Photos that were not authorized to be reposted....
That was June Allyson’s usual role.
When I saw Fail Safe as a ten-year old it scared the hell out of me. Now if I catch it as an adult I find it laughable. Typical Hollywood fear-mongering and sorry that one of my favorite directors Sidney Lumet had anything to do with it.
Photos from Getty and the AP (and some other sources, I think), are copyright violations and legal trouble FR cannot afford.
And now my view of Red Dawn, is that the main purpose of the film was to paint the ChiComs in a good light, as our “allies” against the Soviets. China went all out in the 1980s to act like our friends to sucker us into leveraging our economy to them; it worked.

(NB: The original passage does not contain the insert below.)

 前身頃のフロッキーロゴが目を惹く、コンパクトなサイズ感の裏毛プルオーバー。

Not sure I agree with the 1st part about plot, but I do agree with the aviation scenes. As a resident of the Tampa Bay area, it is fun to see the scenes of downtown St Pete and MacDill. FYI: Al Lang Stadium is now an USL (United Soccer League) home for the Tampa Bay Rowdies. And that takeoff from MacDill with the RATO B-47 and turn to northwest shows how small Tampa was with that barely glimpsed 2 lane Dale Mabry road! FYI: This film is free to Amazon Prime members.

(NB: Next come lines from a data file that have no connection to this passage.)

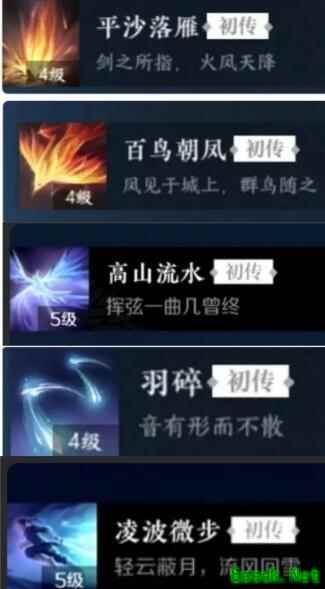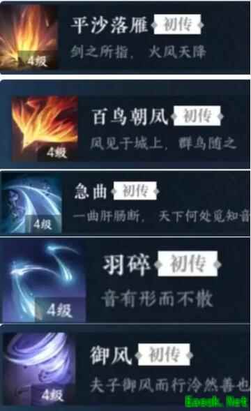 pve技能搭配 选择→平沙落雁+百鸟朝凤+急曲+羽碎+御风(实在不行的话我们可以不用急曲,直接用广陵散) 这样的搭配的话比较的万金油的,我们要是去通关副本的话就可以用这个急曲,这样可以打出控制的效果出来的;
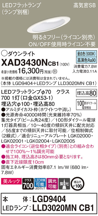 Panasonic ¥À¥¦¥ó¥é¥¤¥È XAD3430NCB1
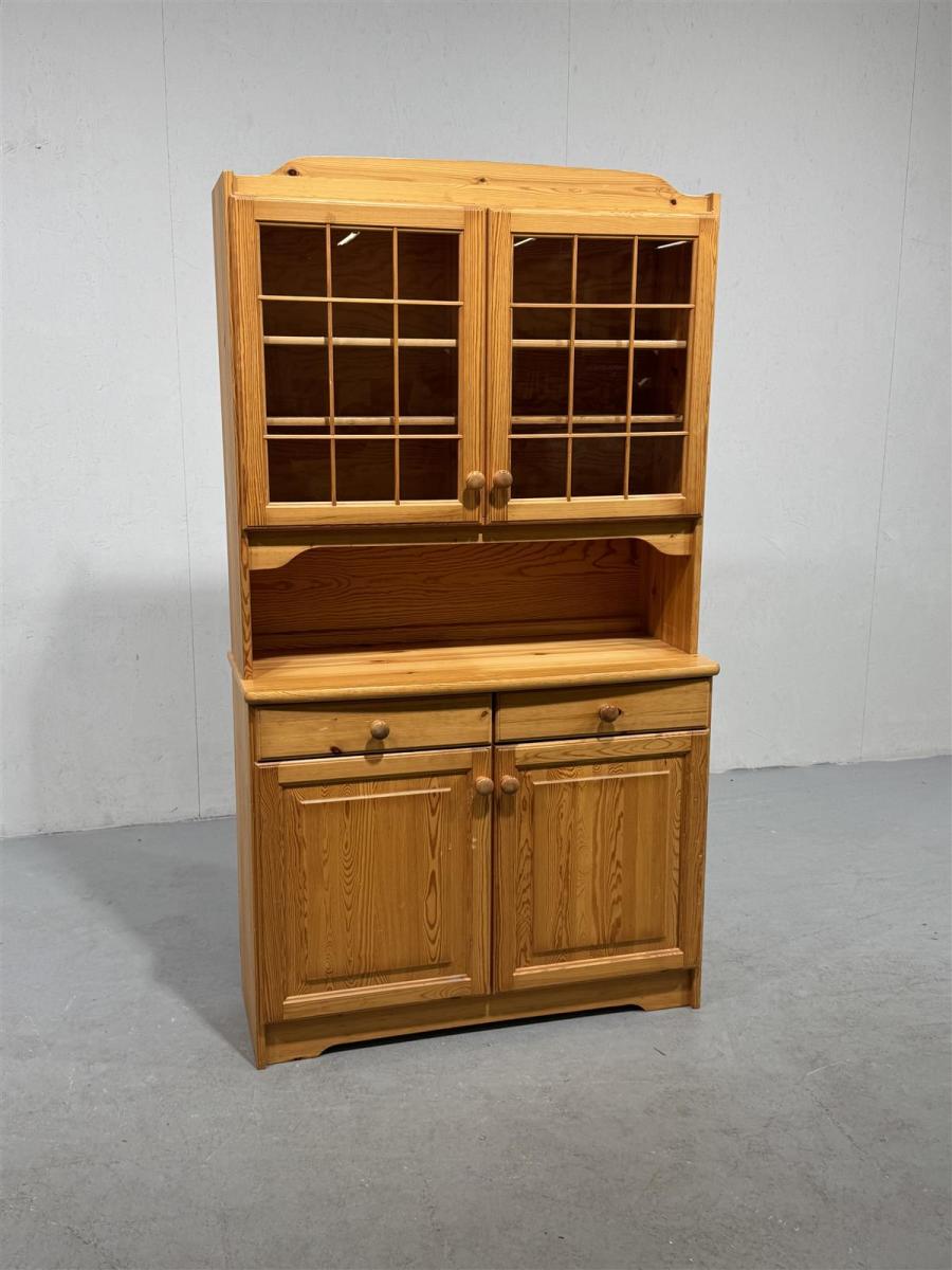 Kaksiosainen astiakaappi, jossa on lasiovet yläosassa ja umpiovet alaosassa. Kaapissa on myös vetolaatikot ja hyllyt sisäpuolella.

As for the plot, I think there was logic to the baseball theme as Jimmy Stewart did the 1949 "Stratton Story" (w/ June Allyson) with good box office and this 1955 movie was written for BOTH popular and SAC approval! If you take away that plot device of the recall to flying from Baseball, you lose much of the depicted loss & sacrifice shown.
There is also the need to put historical context to this film's era that I think the reviewer, Rick McGinnis, gives insufficient attention! First fact is that the B-36/B-47s of that era were the SOLE strategic attackers against the two strong enemies of Soviet Russia & Red China. The USSR had the Atomic Bomb in 1949 and Red China had not only taken the mainland China but had fought the UN/West forces to a standstill in Korea by 1953. At the time that this movie was filming, the Red Chinese were shelling the Republic of China islands of Quemoy & Matsu (1954-55). In Europe, Stalin probed vigorously for weakness as in the Greek Civil War (1944-49) and in bolstering the large Italian & French Communist (political) Parties.
What this presented to Truman and then Eisenhower was the dilemma of resisting two very large conventional militaries with a much smaller land military and the most powerful navy in world history. But neither of these were sufficient to actually attack either opposing power center. Thus the requirement of a 24/7/365 nuclear strike as the offset to a matching & EXPENSIVE upsize of the Army and staging it overseas!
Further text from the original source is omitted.